What Every Real Estate Investor Must Know When Applying for a Loan

For a real estate investment to be successful, you will need to start by finding an adequate source of financing. While some people (about 1 in 7) might simply use cash to pay for an investment property, most will choose to apply for a loan from an outside lender.

However, as you’d probably expect, there are many different lenders available for you to choose from. The lender that’s right for you will depend on your specific circumstances, which is why it is important to take some time to clarify your ongoing financing needs.

Whether it is your first time applying for a loan as a real estate investor or you’ve made an investment before, be sure to keep the following things in mind:


1. Your Goals as an Investor


Before making any major investment, it will be critical to define your underlying investment goals. These goals, ultimately, will impact the type of financing that is right for you, as well as the type of financing partner you want to work with.

When identifying these goals, you’ll want to think about more than just your target ROI. You’ll also need to consider your target investment timeline, the type(s) of property you hope to invest in, and any laws that apply in your target market.


2. Your Personal Financial Strengths


Identifying your personal financial strengths (and potential weaknesses) will also make this market significantly easier to navigate. For example, if you hope to refinance in the future or create a more complex financing package, you might need to be willing to explore additional options. The current state of your already existing portfolio—and even your credit score—could also affect which investment strategies will make the most sense for you.


3. The Type of Underwriting Process that Will Be Used


When investing in a rental property, there are two primary types of underwriting that might be used: debt-to-income-ratio (DTI) and debt-service-coverage-ratio (DSCR).

What to know when applying for a real estate loan

With DTI financing, underwriters will look at your current personal or household (if jointly) income in order to determine the amount they are willing to lend you. Ideally, your DTI ratio will need to be 45% or less. 

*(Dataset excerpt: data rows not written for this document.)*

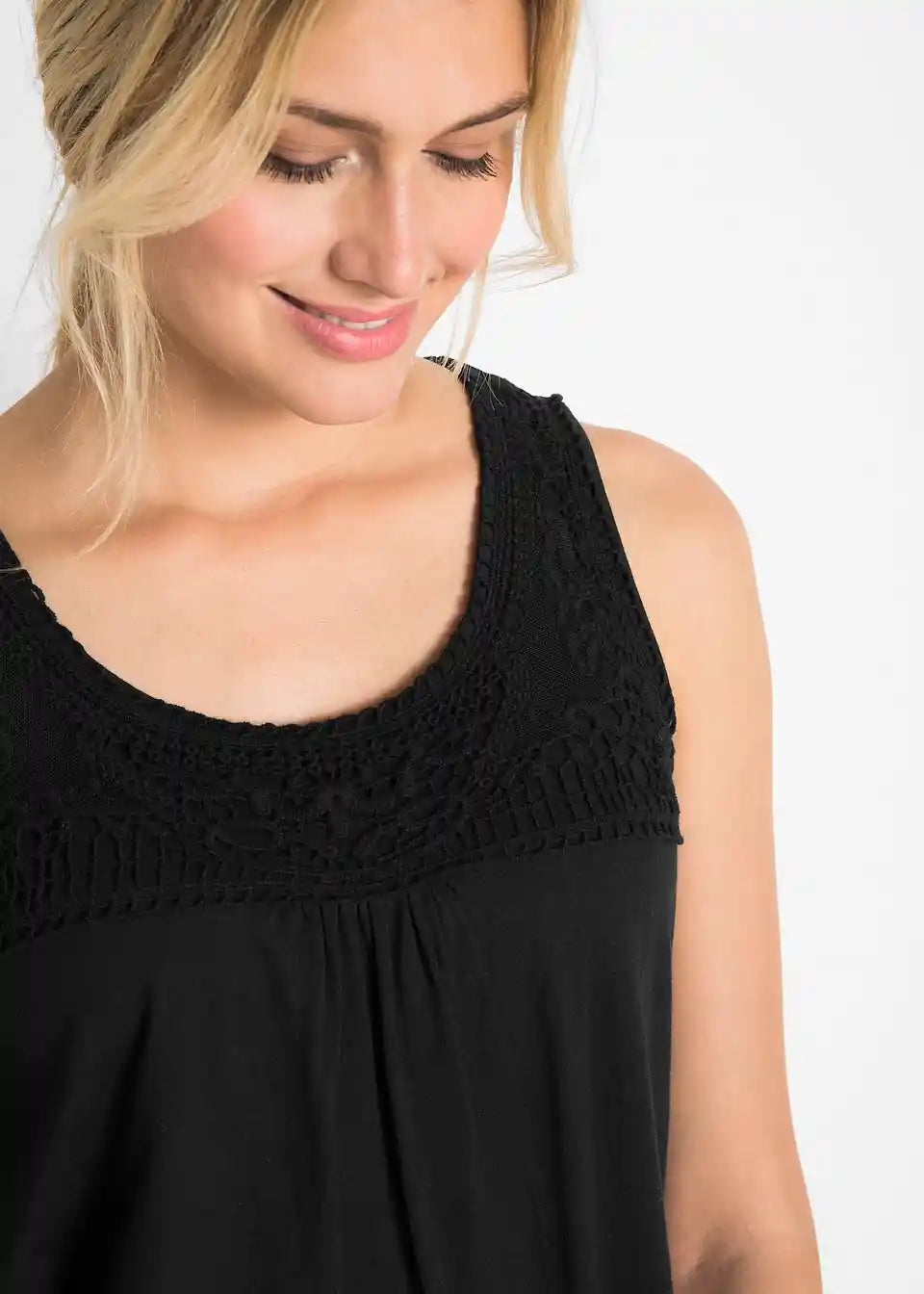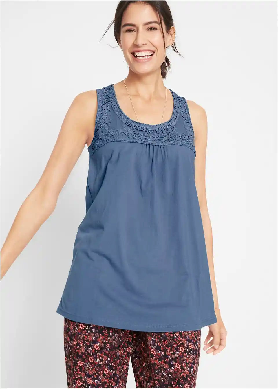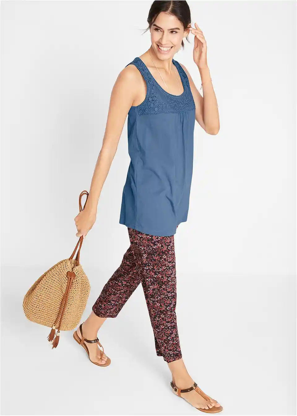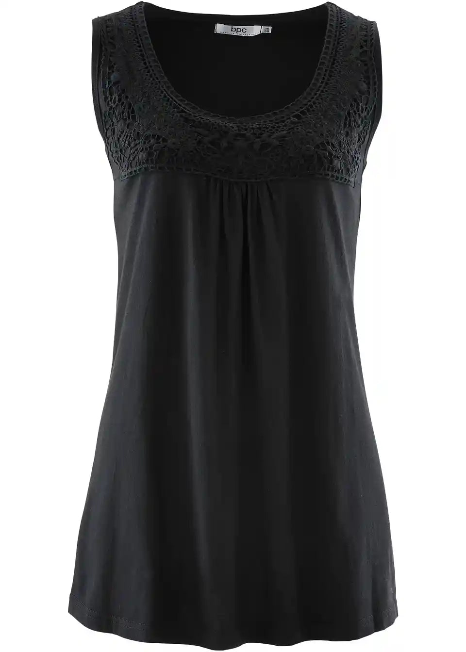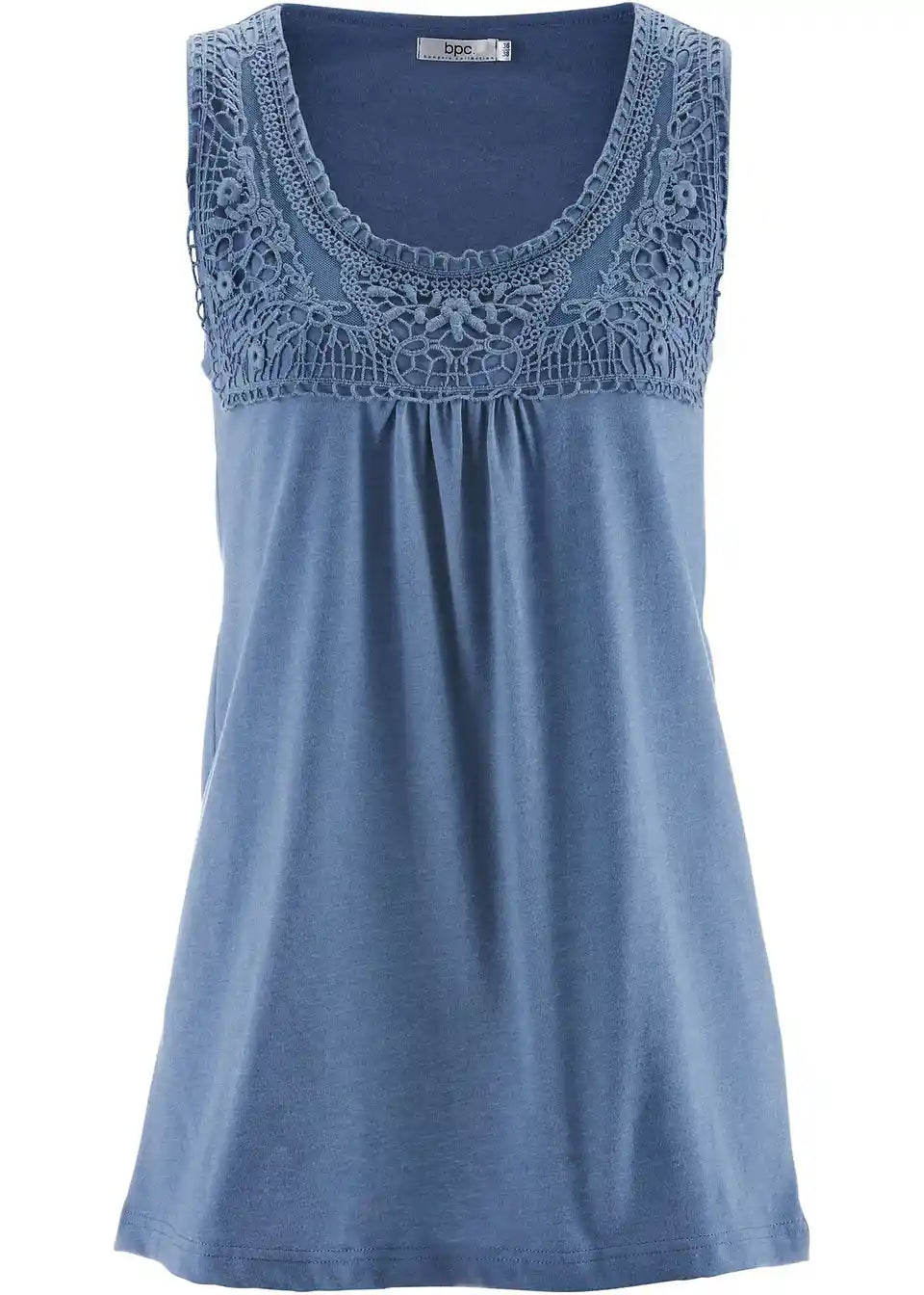 Ton na ton dodatek iz čipke krasi zračen top od ramen do prsi in ustvarja poseben okvir za dekolte. Z diskretnim naborkom pod prsmi in rahlo razširjenim robom prispeva top znamke bpc k laskavi ženski postavi. Lahek material zagotavlja prijeten občutek nošenja tudi v vročih dneh.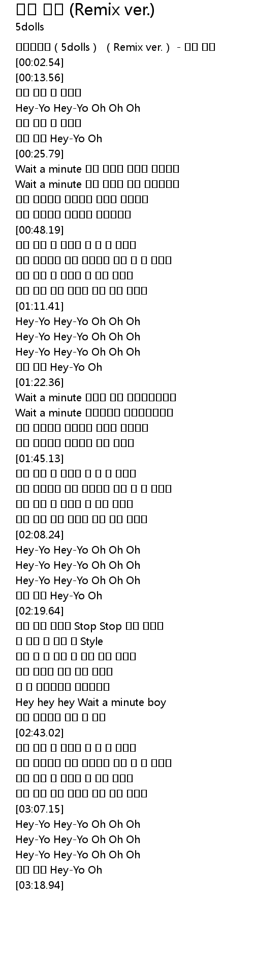 | [03:16.17] | 거기 여기 Hey-Yo Oh |
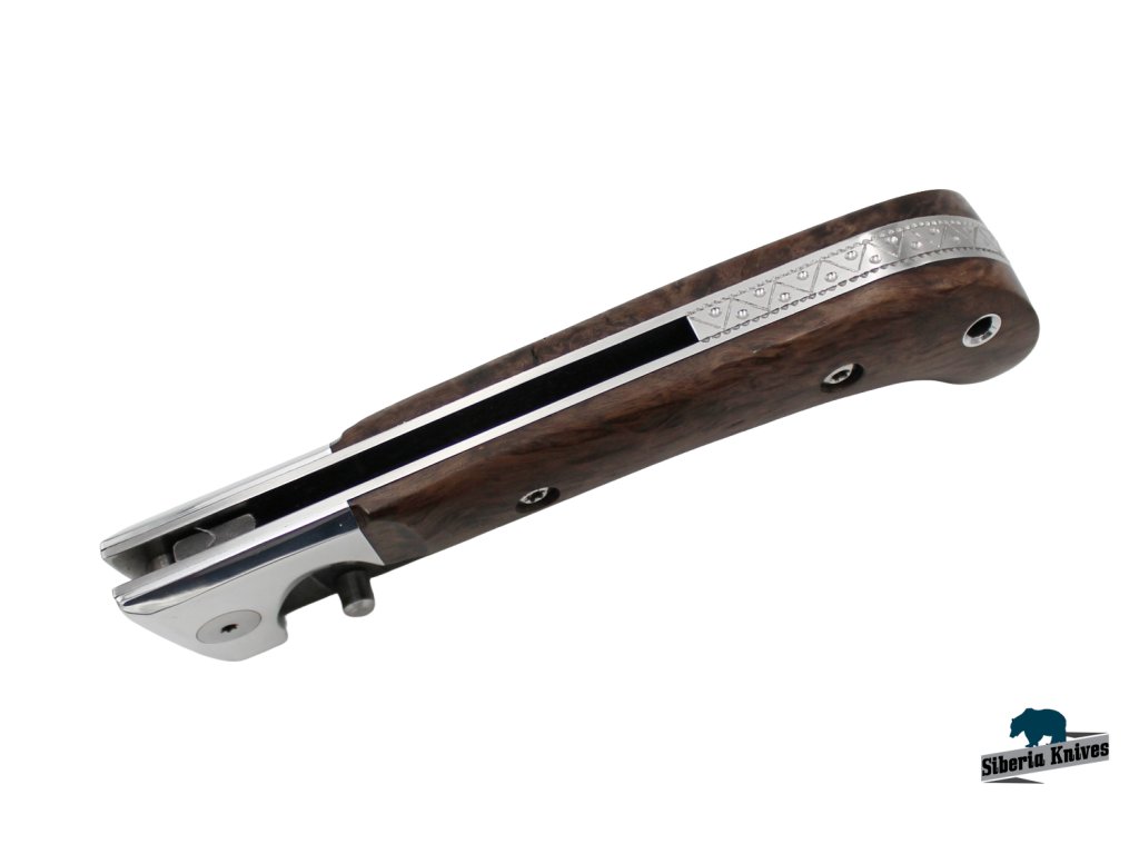 Rukojeť nože: nerezová ocel (vnitřní konstrukce), karelská bříza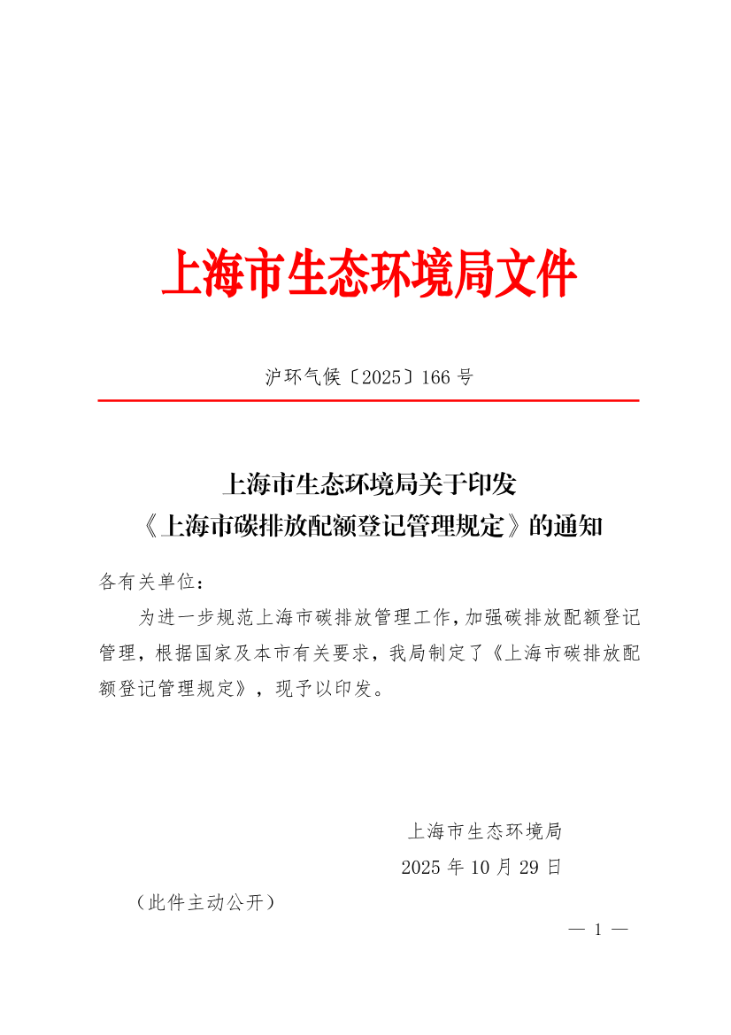 为进一步规范上海市碳排放管理工作,加强碳排放配额登记管理,根据国家及本市有关要求,我局制定了《上海市碳排放配额登记管理规定》,现予以印发。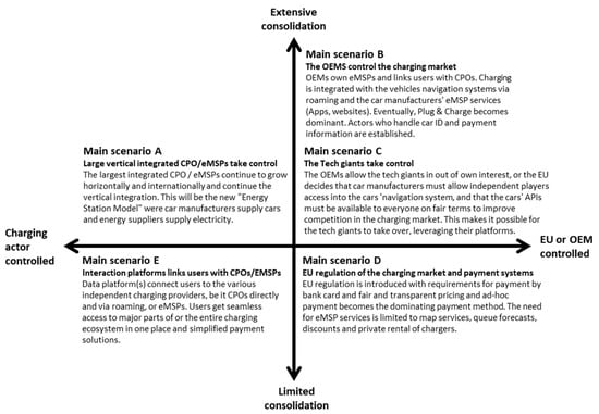 The five most likely scenarios (the authors’ assessment) were analyzed further, as shown in Figure 6, and differentiated across the degree of consolidation in the market and whether the market development is steered from charging actors or external actors. The customer experience compared to BAU will improve to a variable degree in these scenarios. It can be useful to have a mix of main scenarios A and B in mind when making a strategy in the BEV charging infrastructure ecosystem, as these scenarios exemplify outcomes of the battle between the large integrated CPOs/EMSPs and OEMs regarding the control of the charging market. Both of these types of actors need to be aware of the snowball effect of an increasing number of players and platforms offering e-roaming connected together by network orchestrators and interaction platforms as in scenario E. Tech giants can also be in the lead if they gain access to the navigation systems/vehicle displays as in scenario C. Better customer experiences can also be achieved through regulation of the market as in scenario D. EMSPs can in scenario D become less needed if fair pricing is required for drop-in customers and if unified payment systems that do not require user registration become mandatory. Authorities may need to pursue such regulations if the market actors themselves cannot establish an overall acceptable customer experience, through voluntary roaming, co-operation, or consolidation.
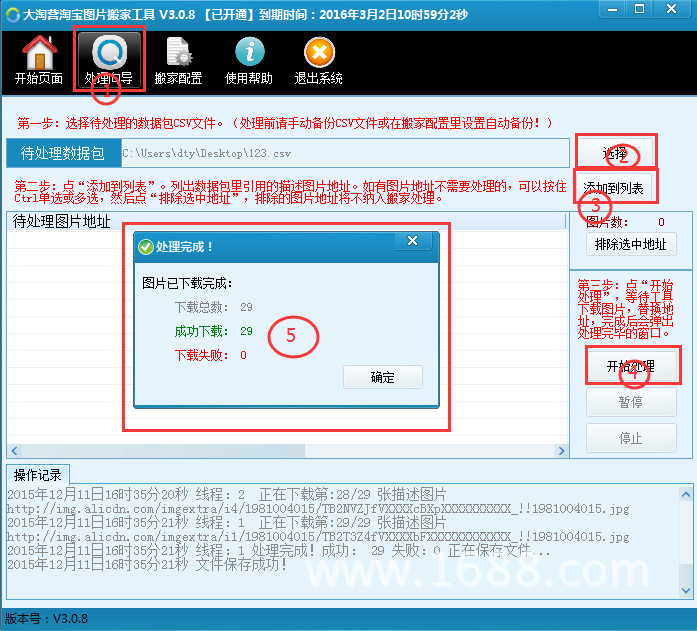 如何可以快速解决这种问题呢? 可以使用大淘营搬家工具直接处理朋友给的数据包。打开大淘营搬家工具处理向导,把数据包csv文件添加进工具,点添加列表,等待地址列出后,点开始处理。数据包全部处理成功,即可导入淘宝助理上传。如图: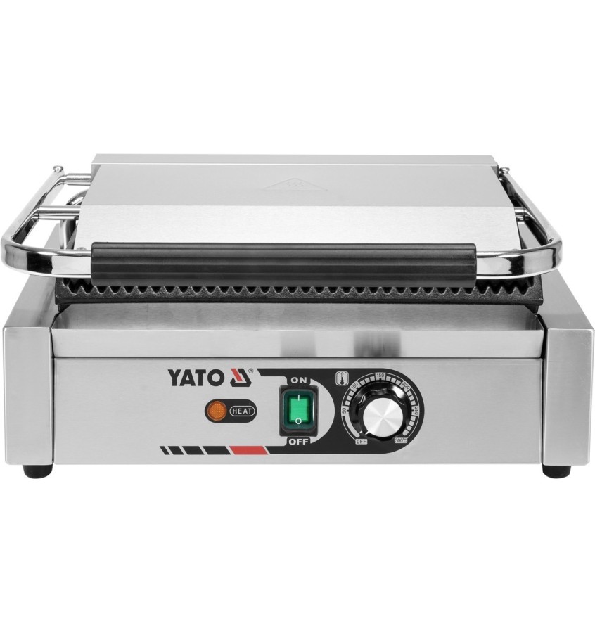 Grill YATO jest urządzeniem niezbędnym na każdej kuchni. Przeznaczony jest do szybkiego przygotowywania hamburgerów, mięs, ryb, tortili, tostów, panini czy warzyw.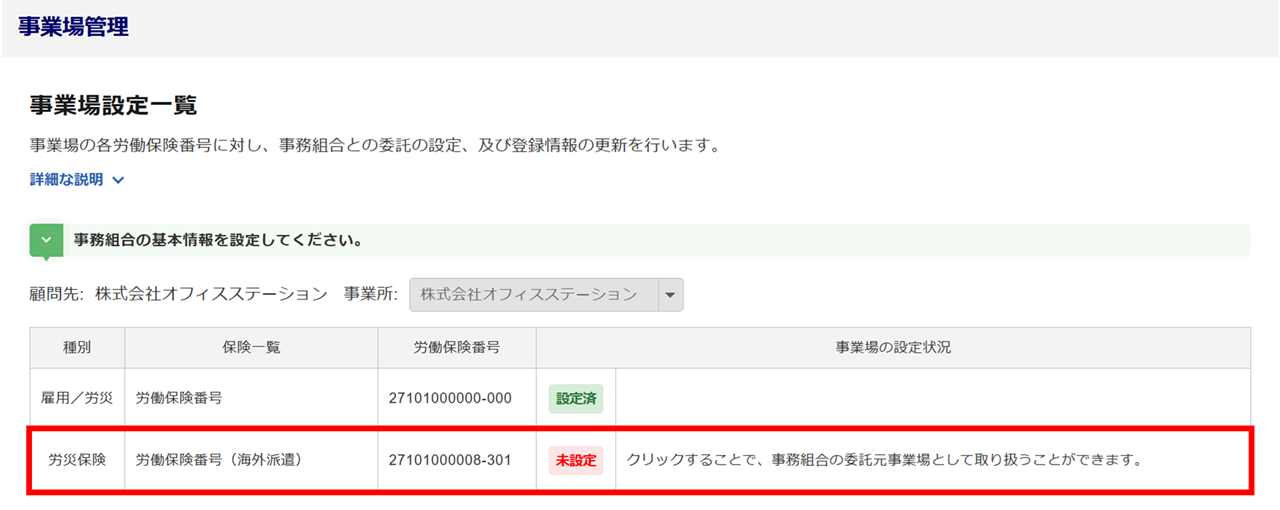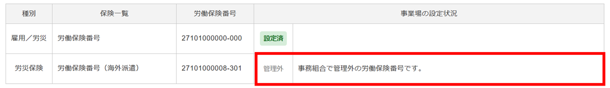 「事業場の設定状況」列に「管理外:事務組合で管理外の労働保険番号です。」と表示されている場合は、「労働保険基幹番号」の登録作業が完了していない状況です。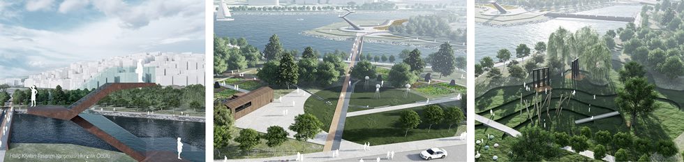 İstanbul Senin Haliç Kıyıları Tasarım Yarışmasında ödül aldığımız projemizde; makro ölçekten başlayarak, çalışma alanımız olan Silahtarağa, Sütlüce, Halıcıoğlu sahil bandındaki yerel ölçekte çözümlere kadar her alanda kültürel bir eklemlenme, kondisyonu iyi olanı geliştirme, yeni ekler yaparken de bugün için değil, gelecek için tasarımlar yapmaya özen gösterdik. Zaman zaman, her anlamda kopuşların yaşandığı bir kent parçasında, doğanın sürekliliğinin sağlanması adına iklim değişikliğinin yaratabileceği potansiyel tehditler ön görülerek bazı önlemler almaya çalıştık. Bunlardan en önemlisi deniz seviyesinin yükselmesi senaryosuna karşı, sahil bandında bir tampon bölge oluşturarak suyun burada deşarj olmasını sağlamaktı. Böyle bir senaryonun gerçekleşmediği zamanlarda ise, bu bandın kentliler ve diğer canlılar tarafından etkin bir şekilde kullanılmasını sağlamak adına rekreatif bazı öneriler getirmeye çalıştık. Kültürel süreklilik anlamında yüzyıllar önce aktif bir biçimde kullanılan sayfiye alanlarının devam ettirilmesi ve kentlinin bu bölgeyi daha uzun süreler kullanabilmesini sağlamak amacıyla, konut dokusu ile aradaki bariyerleri kaldırarak, erişimi kolaylaştıracak yaya bağlantıları geliştirmeye çalıştık. Önerilen düzenlemelerle aktif kullanımının artacağını ön gördüğümüz mekânların ekonomik sürdürülebilirliğini sağlamak ve kullanıcıların mekansal aidiyetini güçlendirmek için sivil girişimlerle bölgenin gönüllülük ve katılım süreçlerinin çalıştırılması gerektiğini vurgulayan kurguları işledik. Haliç gibi oldukça büyük bir kentsel çalışma alanında sürdürülebilirliğin ancak farklı aktörlerin, farklı kullanıcı gruplarının, yerel inisiyatiflerin senkronize olduğu, ortak bir eylem birlikteliğinde mümkün olabileceğini projelerimizde sıkça ortaya koyduk.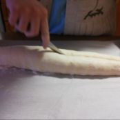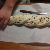 Intrecciate le due metà fra di loro, avendo cura di mettere il lato del ripieno verso l'alto.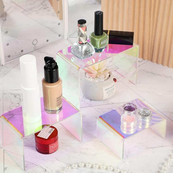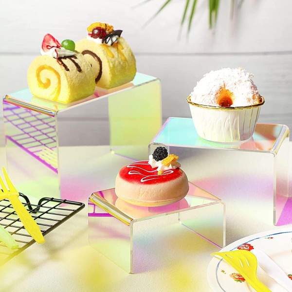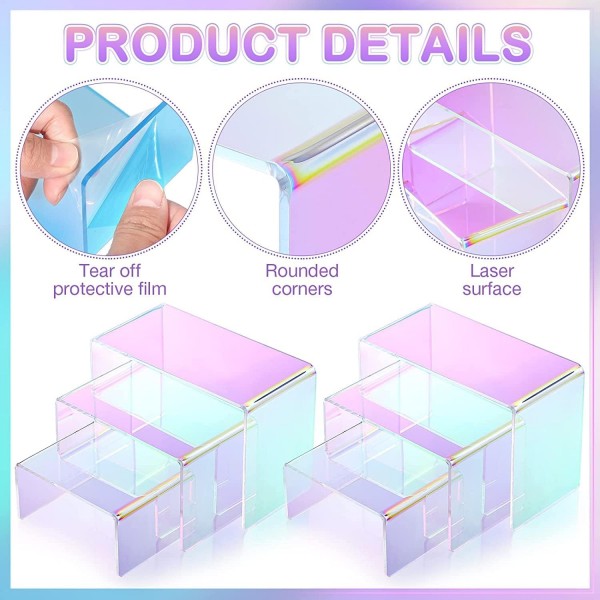 - Material - This showcase stands are made using high quality, lightweight and durable acrylic that is see through and completely clear to provide you with an elegant and classy way to display anything you want while adding more elegance and class to your event it gives Rainbow shades.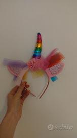 vestito di carnevale da unicorno composto da gomma arcobaleno e cerchietto. taglia non specificata. l' ho usato per mia figlia di un anno e mezzo ma la gonna è molto elastica e può essere indossata anche da bambine più grandi. assieme al vestito vendo un ulteriore cerchietto e due set di unghie e ciglia finte (mai usate nella confezione originale).

With DSCR underwriting, on the other hand, the underwriters will look at how much income the investment will generate in the future and will not underwrite based on how you earn your personal income. All they require is that the property can generate more income than the property’s expenses, such as taxes, insurance, HOA fees, or property management fees. Nothing more and nothing less. 

With some exceptions, DTI financing is more common for primary resident investments and DSCR is more common for commercial investments.


4. The Type of Loan You Want


There are four primary types of real estate loans you might consider using. These include:

  • Conventional Lenders or Loans: though these have the lowest interest rates, they are also the most “personal.” In addition to requiring more documentation, such as pay stubs, tax returns, bank statements, and verifying any large deposits. The mortgage will also appear on your personal credit report and will therefore influence your DTI (along with your ability to invest in additional properties.) Conventional loans which are backed by federally chartered agencies such as Fannie Mae, Freddie Mac, and Ginnie Mae, all have limitations to how many investment property loans any one individual can have, which is 4 properties.


  • Non-QM lenders or Loans: these loans don’t conform to traditional mortgage standards, which is why they are not as popular as the alternative. However, they do have more flexibility in their guidelines and DTI ratios than a conventional loan lender so this might be an option worth considering if you are unable to secure a conventional mortgage. However, Non-QM Lenders usually have their own limits (4-5) on how many investment loans they will lend to any given individual borrower and they generally do not lend to LLC’s or other entities.


  • Private Money Lenders or Loans: though the rates are slightly higher than Conventional lenders or Non-QM lenders, Private Money lenders focus solely on the commercial aspect of the investment—these lenders use the DSCR underwriting model, meaning the mortgage will not appear or affect your personal credit if you elect to secure the loan under an LLC or other corporate entity. With this combination of DSCR underwriting, applying for the loan under a corporation, and No personal DTI concerns, you can literally purchase or refinance as many properties as you want at any given moment in time which makes this ideal for any real estate investor that wants to grow fast.


  • Hard Money Lenders or Loans: structurally, these loans are extremely similar to private loans. However, while the leverage required or LTV will be lower, generally 65% or less, your interest rates and fees will likely be much higher but they will consider the really difficult situations because they know all the other lenders, except perhaps a large Private Lender would even consider.




Clearly, there is a lot you’ll want to think about when applying to finance an investment property. Each lender and loan category will have its fair share of pros and cons that come with it—this is why it is so important to closely examine your finances before making a final commitment.